(Recorded data)
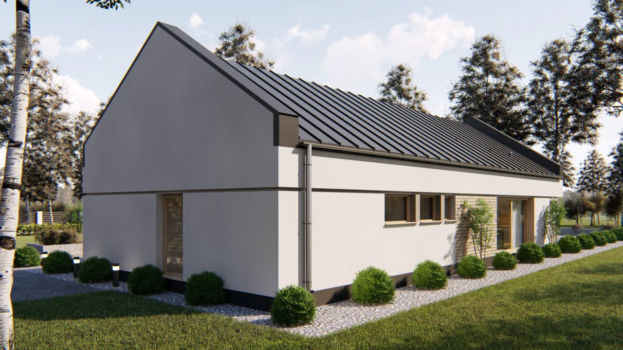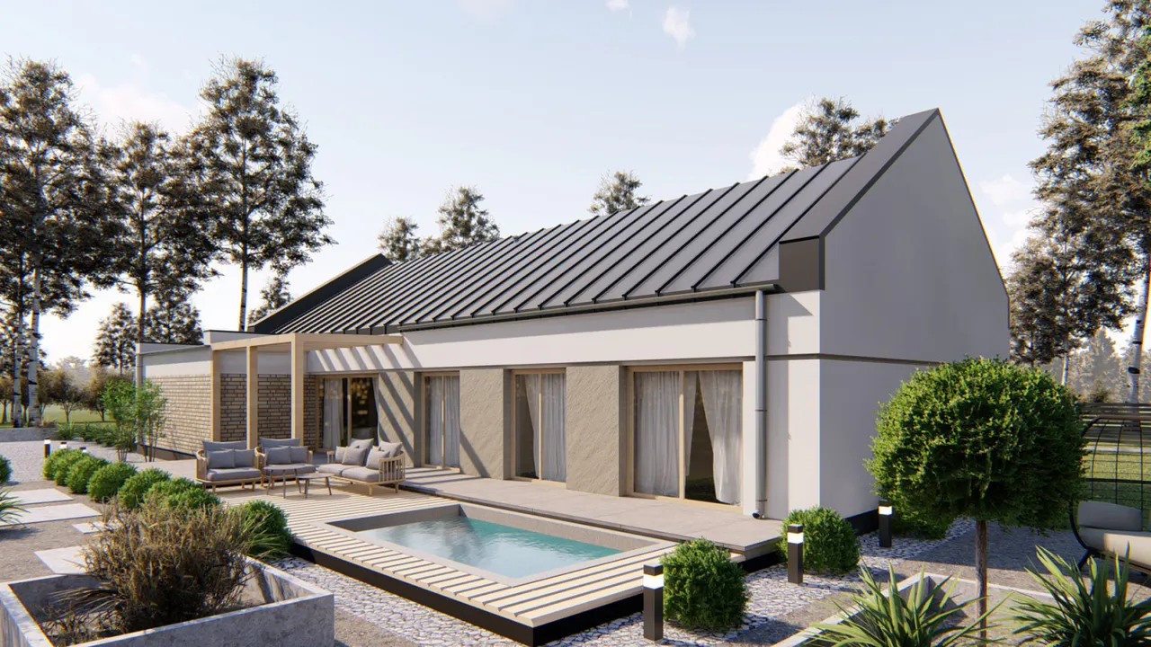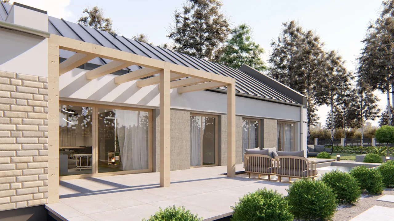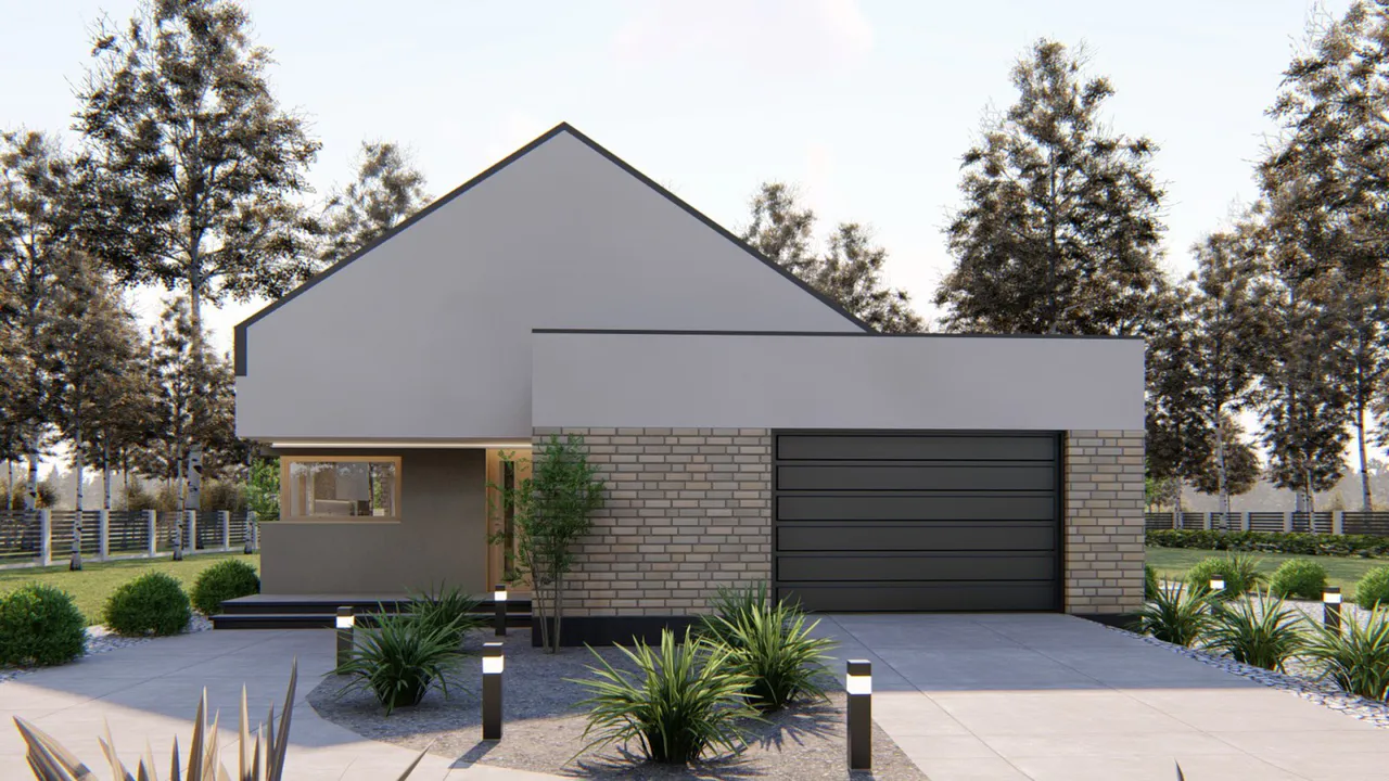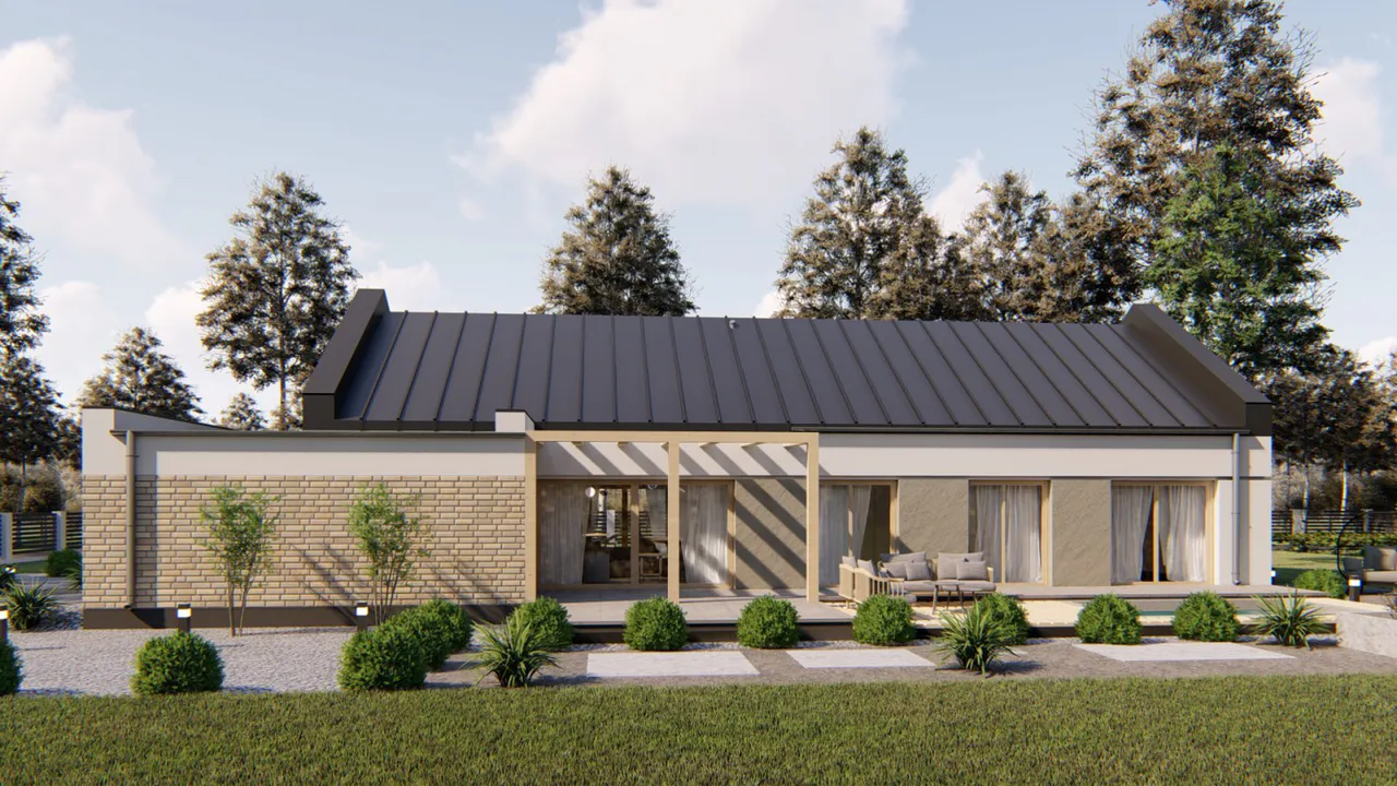 Проект современного одноэтажного дома с гаражом и террасой.
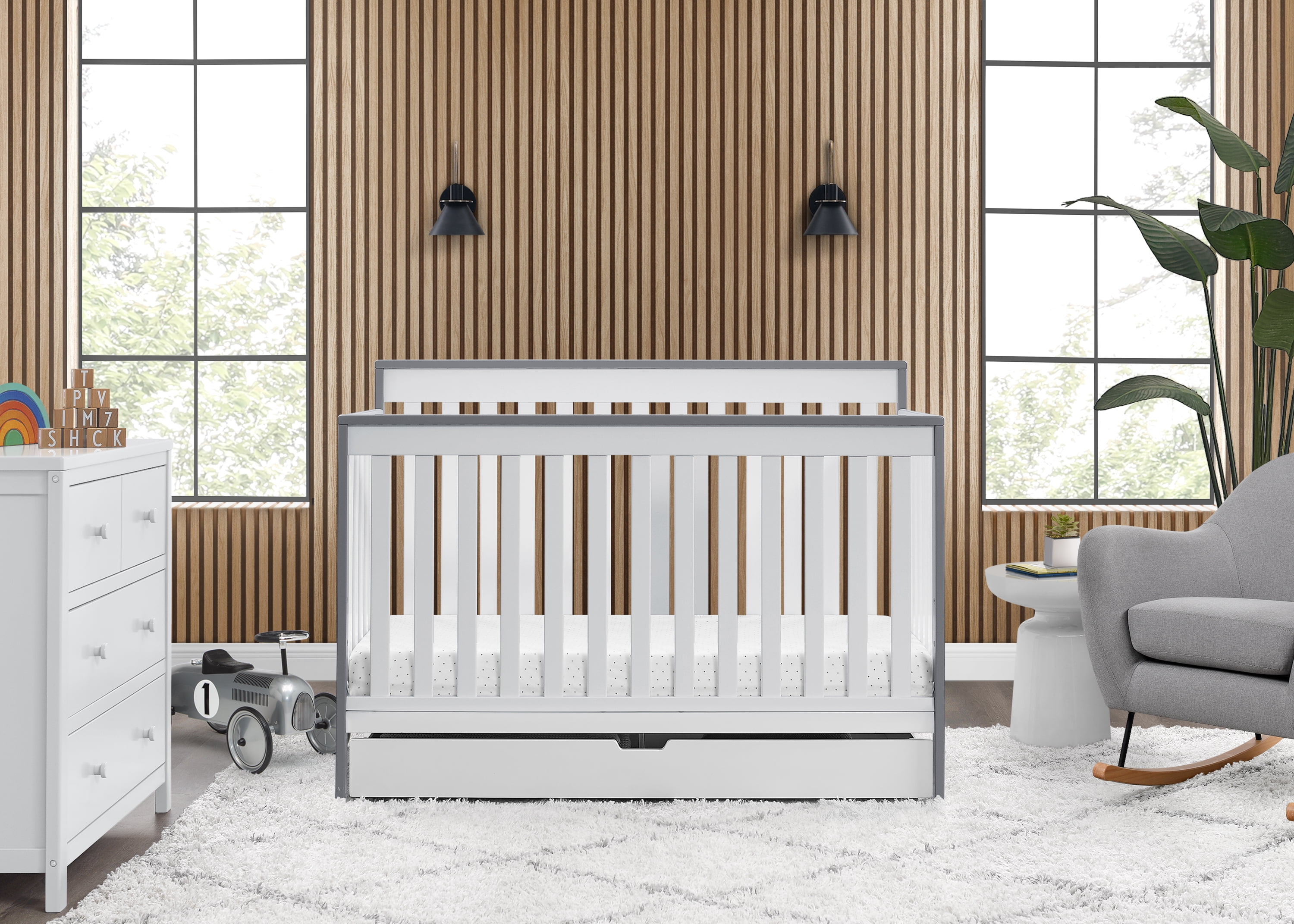 Delta Children Mercer 6-in-1 Convertible Crib with Storage Trundle, Greenguard Gold Certified, Bianca White/Grey
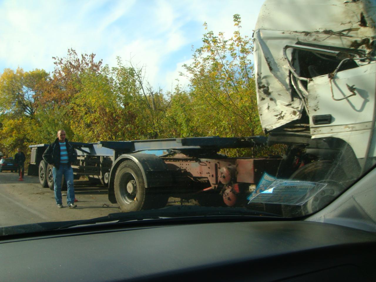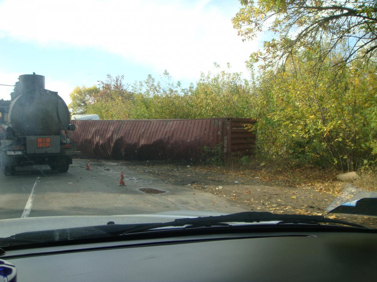 За Новой Долиной ДТП.Фура - голова "в мясо",контейнер на обочине.
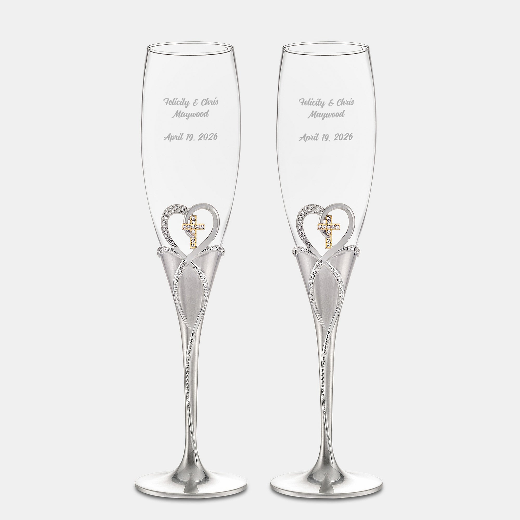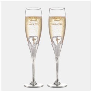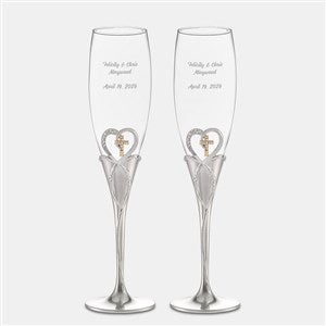 - Champagne flute set with gold-toned cross and silver-toned heart details
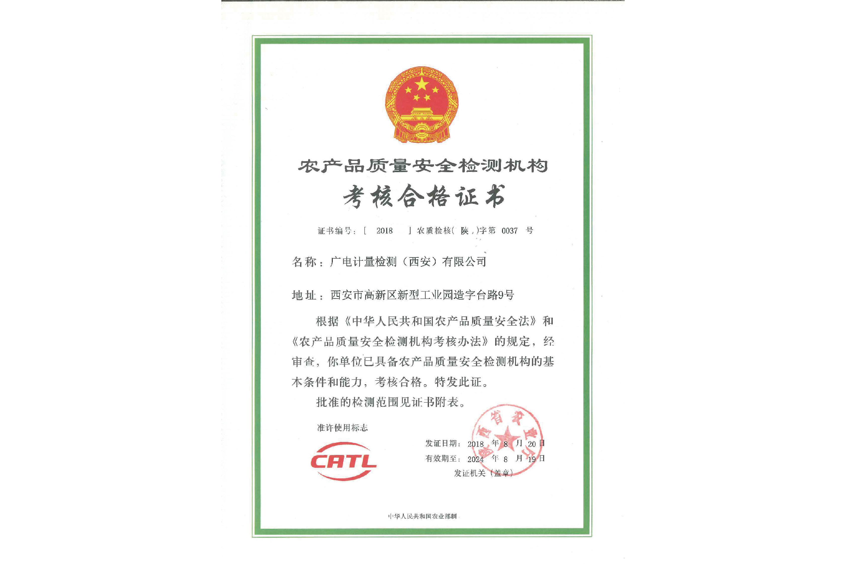 农产品质量安全检测机构(CATL)合格证书-开云(西安)有限公司

**Task brief**:
Please write out the lines above, beginning at the line with "Delta Children Mercer" and ending at the last line of the records, exactly as they appear and without pictures.

**Answer section**:
 Delta Children Mercer 6-in-1 Convertible Crib with Storage Trundle, Greenguard Gold Certified, Bianca White/Grey
 За Новой Долиной ДТП.Фура - голова "в мясо",контейнер на обочине.
 - Champagne flute set with gold-toned cross and silver-toned heart details
 农产品质量安全检测机构(CATL)合格证书-开云(西安)有限公司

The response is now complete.